In a direct service begun in 1989, some Seibu trains (not the Red Arrow) from Ikebukuro split at Yokoze Station, with the front cars heading toward Mitsumine-guchi on the Chichibu line, and the rear cars heading toward Nagatoro. For the return trip, they join at Yokoze before departing for Ikebukuro. This service is quite infrequent, however.
For access to Higashi Chichibu-mura in the eastern part of Chichibu county, the Tōbu Tōjō line is recommended. Tōbu trains leave from the opposite end of Ikebukuro Station as Seibu trains do and go to Yorii via Kawagoe and Ogawa-machi. Take the express leaving from track one, get off at Ogawa-machi and take a bus to Higashi Chichibu-mura (see p. 116). There is no super-express service or reserved seating on this line. Nor is there any surcharge.

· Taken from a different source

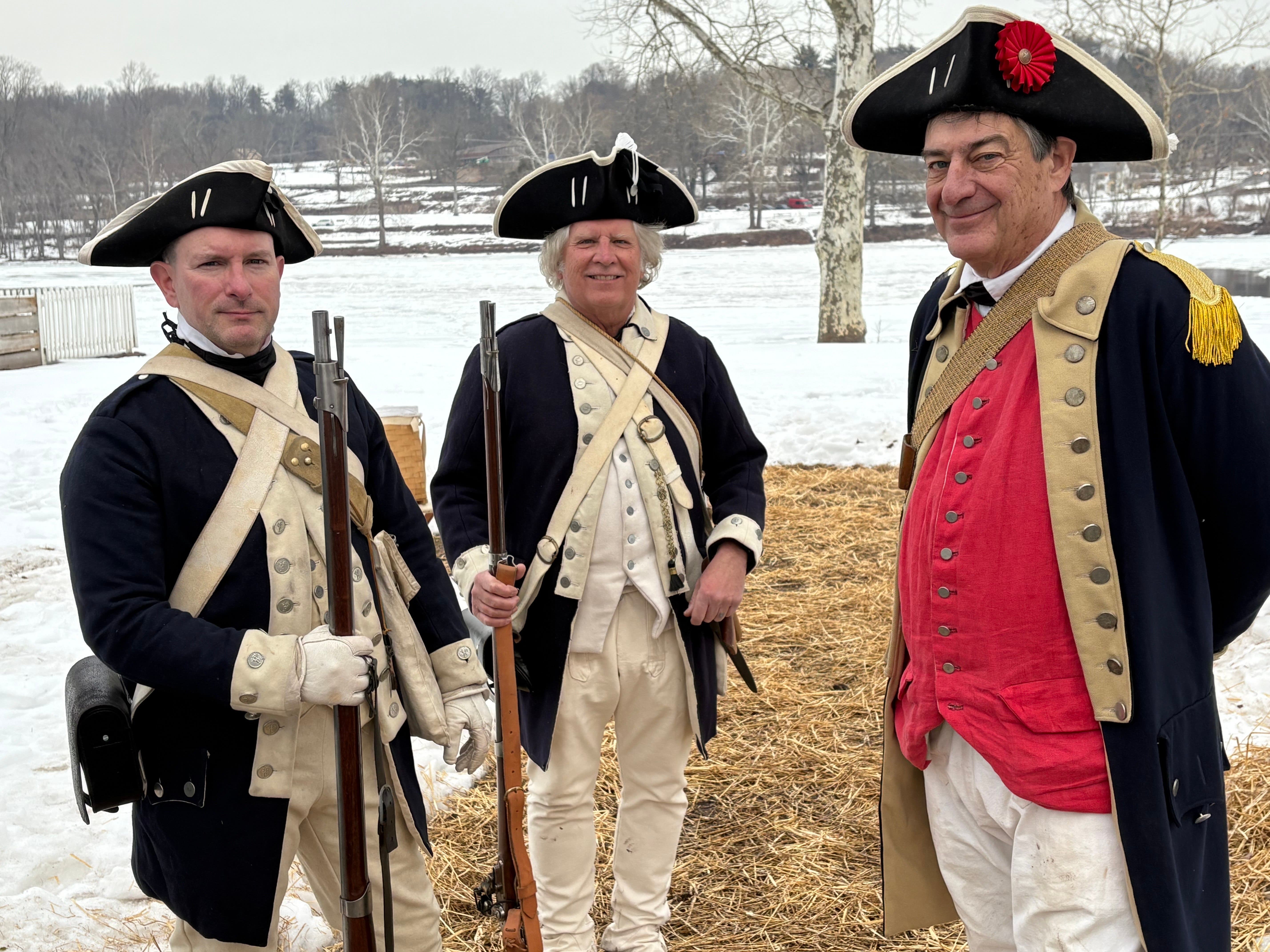 “Thank you for taking time out of your day to celebrate with my soldiers and me,” said Washington, flanked by members of his inner command circle and Washington Crossing’s Fifes and Drums, which serenaded the General with music from the Revolution.

Buses run along several main routes in and around Chichibu, departing from major train stations. Though somewhat infrequent, they are useful for reaching, inexpensively, destinations beyond railway lines. They can also save much time spent walking on rural roads. Bus schedules, posted at each stop, usually list times for weekdays and Saturdays on the left, Sundays and holidays on the right. Bus fares in rural areas, unlike city buses, vary with distance. When you board, take a ticket from the machine just inside the door. The number on this ticket indicates where you boarded; your fare can be read under the appropriate number on the chart above the driver. If you boarded the bus at the terminus, you will not get a ticket; simply pay the highest fare indicated when you get off. It is a good idea to tell the driver your destination when you board; also, listen for the announcement of your stop.
Taxis are available from major train stations and may be called if you wished to be picked up at other destinations. Knowing the name or number of the temple you are at in Japanese or the name of a prominent landmark nearby is the best way to make your location known. The dispatcher may ask for your name; you should state it in as brief a manner as possible, or, if there are no other foreigners about, say gaijin desu (I’m a foreigner). There is usually a small surcharge for pickup service. Taxi companies also operate temple tours for flat rates. These are convenient for those who do not relish the long walks, and are reasonably economical for small groups.
Complete three-day, two-night tours covering the entire pilgrimage are also offered by Toei Kankō Bus Tours four times a year: in April, June, October, and November. For further information, visit their office in the Kōtsū Kaikan building east of Yurakuchō Station in Tokyo, or call (in Japanese) 216-2068 or 216-2091.
Bicycles, convenient for the temples and sights in town, may also be rented. One shop is located ahead and to the right of Chichibu Station as you exit, just past a handicrafts shop. Another shop is located in Nagatoro (see p. 143).
For those who speak no Japanese, a Finding List is provided listing all temples, shrines, shops, restaurants, museums, and bus and railroad stops mentioned in the text, in romanized Japanese and Japanese characters. Use this list to confirm destinations or request assistance if lost.